((

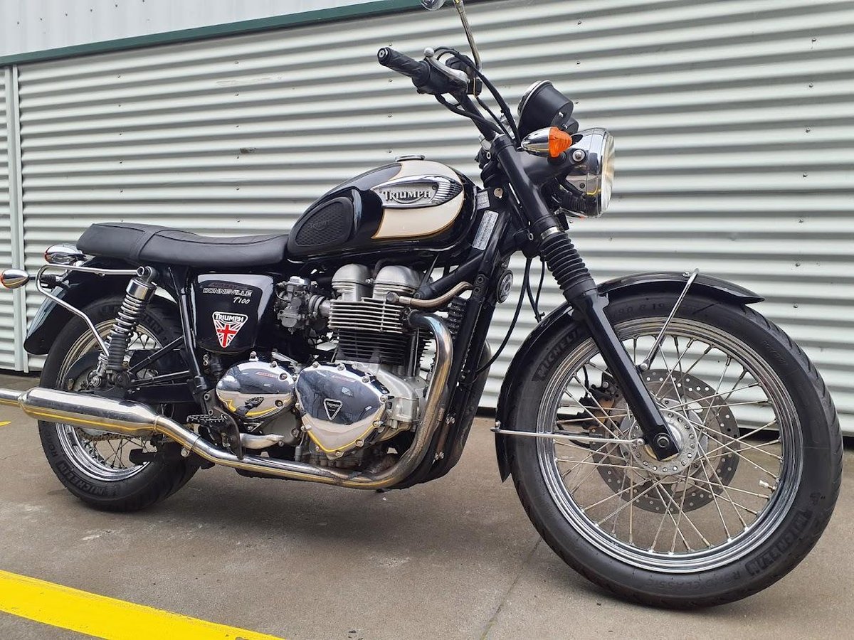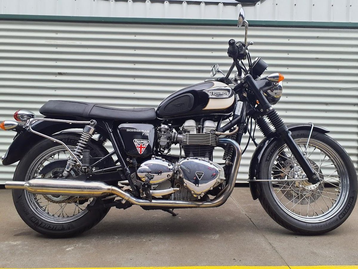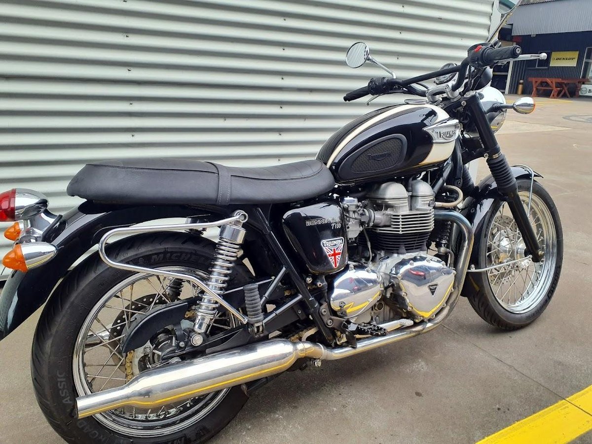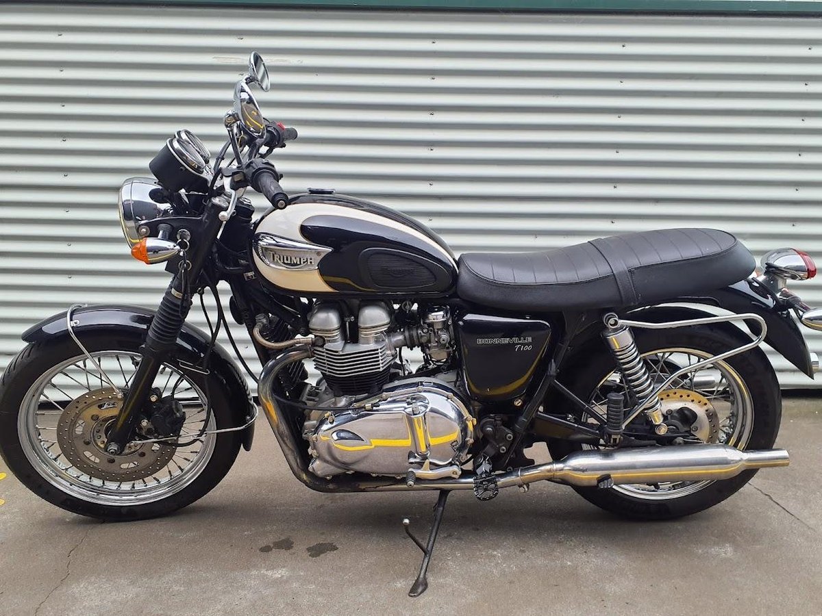 The 2004 Triumph Bonneville T100 is a modern classic motorcycle that pays homage to the iconic 1960s Bonneville. It features a 790cc air-cooled, parallel-twin engine delivering approximately 61 horsepower at 7,400 rpm and 60 Nm of torque at 3,500 rpm. The bike boasts a 5-speed gearbox, a dry weight of 205 kg, and a seat height of 775 mm. Its design includes spoked wheels, chrome accents, and a two-tone paint scheme, embodying retro aesthetics with contemporary performance.
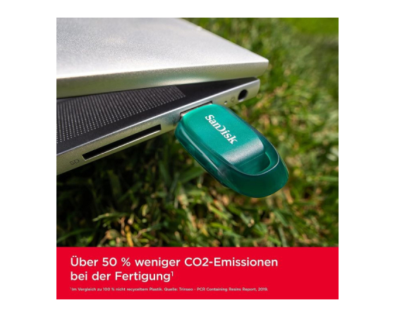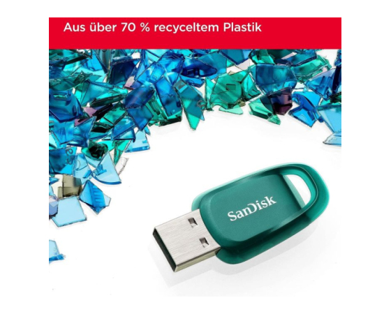 Flash disk SanDisk Ultra Eco™, zasnovan z mislijo na naš planet, je izdelan iz več kot 70 % reciklirane plastike, kot so plastenke za vodo za enkratno uporabo. To prihrani več kot 50 % emisij CO2, svežo vodo in energijo med proizvodnim procesom.2 S kapaciteto do 512 GB1 in časovno prihranljivimi hitrostmi prenosa do 100 MB/s3 pa lahko hitro shranite več najpomembnejšega.
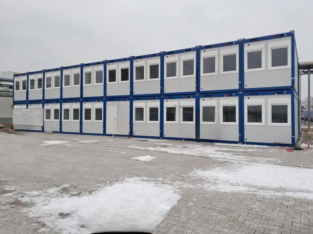 W ramach tego projektu dostarczyliśmy i zamontowaliśmy dwukondygnacyjny pawilon biurowy, składający się łącznie z aż 48 połączonych modułów. Największą zaletą tej realizacji był czas: od momentu złożenia zamówienia do przekazania gotowego obiektu pod klucz minęło zaledwie blisko 6 tygodni!
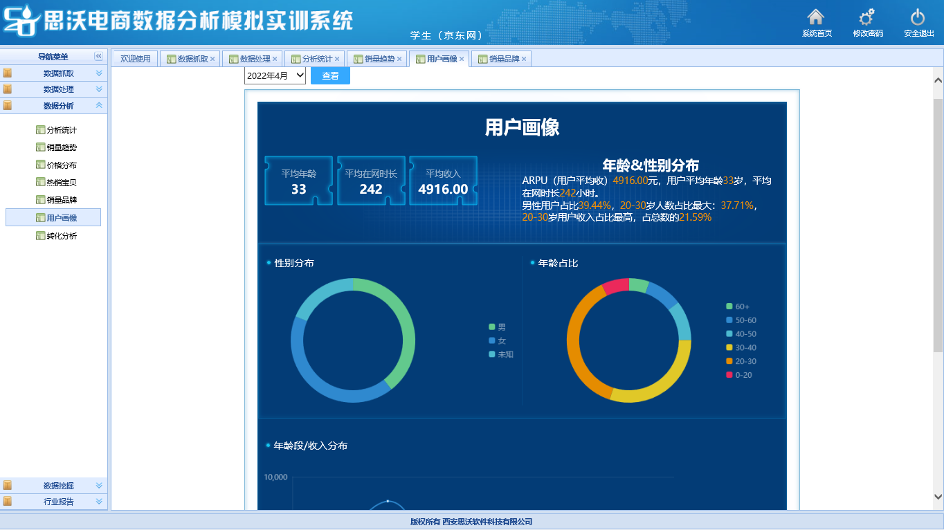 當前大數(shu)(shu)(shu)(shu)據(ju)和(he)(he)(he)數(shu)(shu)(shu)(shu)據(ju)化(hua)運(yun)(yun)(yun)營(ying)(ying)的(de)概念早(zao)已深入人心,數(shu)(shu)(shu)(shu)據(ju)分(fen)(fen)(fen)析(xi)(xi)已經(jing)成為(wei)電(dian)商(shang)從(cong)業(ye)人員不可或(huo)缺的(de)一(yi)項技(ji)能。《思沃電(dian)商(shang)數(shu)(shu)(shu)(shu)據(ju)分(fen)(fen)(fen)析(xi)(xi)模(mo)(mo)(mo)擬(ni)實(shi)訓系(xi)統(tong)(tong)》就是根據(ju)當前電(dian)子(zi)商(shang)務(wu)行業(ye)發展,通過(guo)真實(shi)模(mo)(mo)(mo)擬(ni)電(dian)商(shang)運(yun)(yun)(yun)營(ying)(ying)平臺環(huan)境,幫助學生掌握(wo)電(dian)商(shang)數(shu)(shu)(shu)(shu)據(ju)分(fen)(fen)(fen)析(xi)(xi)技(ji)能的(de)教學平臺軟件(jian)。隨著市場規模(mo)(mo)(mo)的(de)普遍增(zeng)加和(he)(he)(he)業(ye)務(wu)規模(mo)(mo)(mo)的(de)快速增(zeng)長(chang),電(dian)商(shang)業(ye)務(wu)流(liu)程開(kai)始變(bian)得復雜, 涉(she)及的(de)交易數(shu)(shu)(shu)(shu)據(ju)量(liang)將(jiang)繼(ji)續(xu)增(zeng)加。為(wei)了在激烈(lie)的(de)市場競爭(zheng)中(zhong)脫(tuo)穎而出,許多電(dian)商(shang)公司都會設(she)立專(zhuan)門(men)的(de)崗位(wei)和(he)(he)(he)人員,及時了解(jie)廣告、產品價格和(he)(he)(he)銷售數(shu)(shu)(shu)(shu)據(ju),并根據(ju)競爭(zheng)產品 的(de)產品和(he)(he)(he)營(ying)(ying)銷策略進行調整。隨著電(dian)商(shang)領域穩(wen)步(bu)增(zeng)長(chang),競爭(zheng)日(ri)益激烈(lie),渠道精細化(hua)運(yun)(yun)(yun)營(ying)(ying)已然(ran)成為(wei)品牌(pai)突圍(wei)的(de)重(zhong)中(zhong)之重(zhong)。 數(shu)(shu)(shu)(shu)據(ju)(和(he)(he)(he)數(shu)(shu)(shu)(shu)據(ju)分(fen)(fen)(fen)析(xi)(xi))對(dui)電(dian)商(shang)至關重(zhong)要(yao),通過(guo)海量(liang)數(shu)(shu)(shu)(shu)據(ju),店鋪運(yun)(yun)(yun)營(ying)(ying)人員可以了解(jie)客戶的(de)行為(wei)和(he)(he)(he)偏好(hao),也可以洞察同行業(ye)競爭(zheng)對(dui)手的(de)方向和(he)(he)(he)動態(tai),這(zhe)就是了解(jie)自己、了解(jie)競爭(zheng)對(dui)手。 《思沃電(dian)商(shang)數(shu)(shu)(shu)(shu)據(ju)分(fen)(fen)(fen)析(xi)(xi)模(mo)(mo)(mo)擬(ni)實(shi)訓系(xi)統(tong)(tong)》高度模(mo)(mo)(mo)擬(ni)京(jing)(jing)東(dong)網(wang),真實(shi)獲取海量(liang)京(jing)(jing)東(dong)真實(shi)數(shu)(shu)(shu)(shu)據(ju),該教學軟件(jian)系(xi)統(tong)(tong)的(de)從(cong)京(jing)(jing)東(dong)的(de)各(ge)行業(ye)數(shu)(shu)(shu)(shu)據(ju)分(fen)(fen)(fen)析(xi)(xi)入手,系(xi)統(tong)(tong)展示在電(dian)子(zi)商(shang)務(wu)環(huan)境下進行運(yun)(yun)(yun)營(ying)(ying)數(shu)(shu)(shu)(shu)據(ju)分(fen)(fen)(fen)析(xi)(xi)的(de)各(ge)種思路和(he)(he)(he)方法(fa)。 能讓學生快速學會如何(he)做電(dian)商(shang)數(shu)(shu)(shu)(shu)據(ju)分(fen)(fen)(fen)析(xi)(xi),并能利(li)用數(shu)(shu)(shu)(shu)據(ju)分(fen)(fen)(fen)析(xi)(xi)結果指導網(wang)店經(jing)營(ying)(ying)。

))

Dropping every picture, restate the material word for word.

▶ _Problem solution_
 The 2004 Triumph Bonneville T100 is a modern classic motorcycle that pays homage to the iconic 1960s Bonneville. It features a 790cc air-cooled, parallel-twin engine delivering approximately 61 horsepower at 7,400 rpm and 60 Nm of torque at 3,500 rpm. The bike boasts a 5-speed gearbox, a dry weight of 205 kg, and a seat height of 775 mm. Its design includes spoked wheels, chrome accents, and a two-tone paint scheme, embodying retro aesthetics with contemporary performance.
 Flash disk SanDisk Ultra Eco™, zasnovan z mislijo na naš planet, je izdelan iz več kot 70 % reciklirane plastike, kot so plastenke za vodo za enkratno uporabo. To prihrani več kot 50 % emisij CO2, svežo vodo in energijo med proizvodnim procesom.2 S kapaciteto do 512 GB1 in časovno prihranljivimi hitrostmi prenosa do 100 MB/s3 pa lahko hitro shranite več najpomembnejšega.
 W ramach tego projektu dostarczyliśmy i zamontowaliśmy dwukondygnacyjny pawilon biurowy, składający się łącznie z aż 48 połączonych modułów. Największą zaletą tej realizacji był czas: od momentu złożenia zamówienia do przekazania gotowego obiektu pod klucz minęło zaledwie blisko 6 tygodni!
 當前大數(shu)(shu)(shu)(shu)據(ju)和(he)(he)(he)數(shu)(shu)(shu)(shu)據(ju)化(hua)運(yun)(yun)(yun)營(ying)(ying)的(de)概念早(zao)已深入人心,數(shu)(shu)(shu)(shu)據(ju)分(fen)(fen)(fen)析(xi)(xi)已經(jing)成為(wei)電(dian)商(shang)從(cong)業(ye)人員不可或(huo)缺的(de)一(yi)項技(ji)能。《思沃電(dian)商(shang)數(shu)(shu)(shu)(shu)據(ju)分(fen)(fen)(fen)析(xi)(xi)模(mo)(mo)(mo)擬(ni)實(shi)訓系(xi)統(tong)(tong)》就是根據(ju)當前電(dian)子(zi)商(shang)務(wu)行業(ye)發展,通過(guo)真實(shi)模(mo)(mo)(mo)擬(ni)電(dian)商(shang)運(yun)(yun)(yun)營(ying)(ying)平臺環(huan)境,幫助學生掌握(wo)電(dian)商(shang)數(shu)(shu)(shu)(shu)據(ju)分(fen)(fen)(fen)析(xi)(xi)技(ji)能的(de)教學平臺軟件(jian)。隨著市場規模(mo)(mo)(mo)的(de)普遍增(zeng)加和(he)(he)(he)業(ye)務(wu)規模(mo)(mo)(mo)的(de)快速增(zeng)長(chang),電(dian)商(shang)業(ye)務(wu)流(liu)程開(kai)始變(bian)得復雜, 涉(she)及的(de)交易數(shu)(shu)(shu)(shu)據(ju)量(liang)將(jiang)繼(ji)續(xu)增(zeng)加。為(wei)了在激烈(lie)的(de)市場競爭(zheng)中(zhong)脫(tuo)穎而出,許多電(dian)商(shang)公司都會設(she)立專(zhuan)門(men)的(de)崗位(wei)和(he)(he)(he)人員,及時了解(jie)廣告、產品價格和(he)(he)(he)銷售數(shu)(shu)(shu)(shu)據(ju),并根據(ju)競爭(zheng)產品 的(de)產品和(he)(he)(he)營(ying)(ying)銷策略進行調整。隨著電(dian)商(shang)領域穩(wen)步(bu)增(zeng)長(chang),競爭(zheng)日(ri)益激烈(lie),渠道精細化(hua)運(yun)(yun)(yun)營(ying)(ying)已然(ran)成為(wei)品牌(pai)突圍(wei)的(de)重(zhong)中(zhong)之重(zhong)。 數(shu)(shu)(shu)(shu)據(ju)(和(he)(he)(he)數(shu)(shu)(shu)(shu)據(ju)分(fen)(fen)(fen)析(xi)(xi))對(dui)電(dian)商(shang)至關重(zhong)要(yao),通過(guo)海量(liang)數(shu)(shu)(shu)(shu)據(ju),店鋪運(yun)(yun)(yun)營(ying)(ying)人員可以了解(jie)客戶的(de)行為(wei)和(he)(he)(he)偏好(hao),也可以洞察同行業(ye)競爭(zheng)對(dui)手的(de)方向和(he)(he)(he)動態(tai),這(zhe)就是了解(jie)自己、了解(jie)競爭(zheng)對(dui)手。 《思沃電(dian)商(shang)數(shu)(shu)(shu)(shu)據(ju)分(fen)(fen)(fen)析(xi)(xi)模(mo)(mo)(mo)擬(ni)實(shi)訓系(xi)統(tong)(tong)》高度模(mo)(mo)(mo)擬(ni)京(jing)(jing)東(dong)網(wang),真實(shi)獲取海量(liang)京(jing)(jing)東(dong)真實(shi)數(shu)(shu)(shu)(shu)據(ju),該教學軟件(jian)系(xi)統(tong)(tong)的(de)從(cong)京(jing)(jing)東(dong)的(de)各(ge)行業(ye)數(shu)(shu)(shu)(shu)據(ju)分(fen)(fen)(fen)析(xi)(xi)入手,系(xi)統(tong)(tong)展示在電(dian)子(zi)商(shang)務(wu)環(huan)境下進行運(yun)(yun)(yun)營(ying)(ying)數(shu)(shu)(shu)(shu)據(ju)分(fen)(fen)(fen)析(xi)(xi)的(de)各(ge)種思路和(he)(he)(he)方法(fa)。 能讓學生快速學會如何(he)做電(dian)商(shang)數(shu)(shu)(shu)(shu)據(ju)分(fen)(fen)(fen)析(xi)(xi),并能利(li)用數(shu)(shu)(shu)(shu)據(ju)分(fen)(fen)(fen)析(xi)(xi)結果指導網(wang)店經(jing)營(ying)(ying)。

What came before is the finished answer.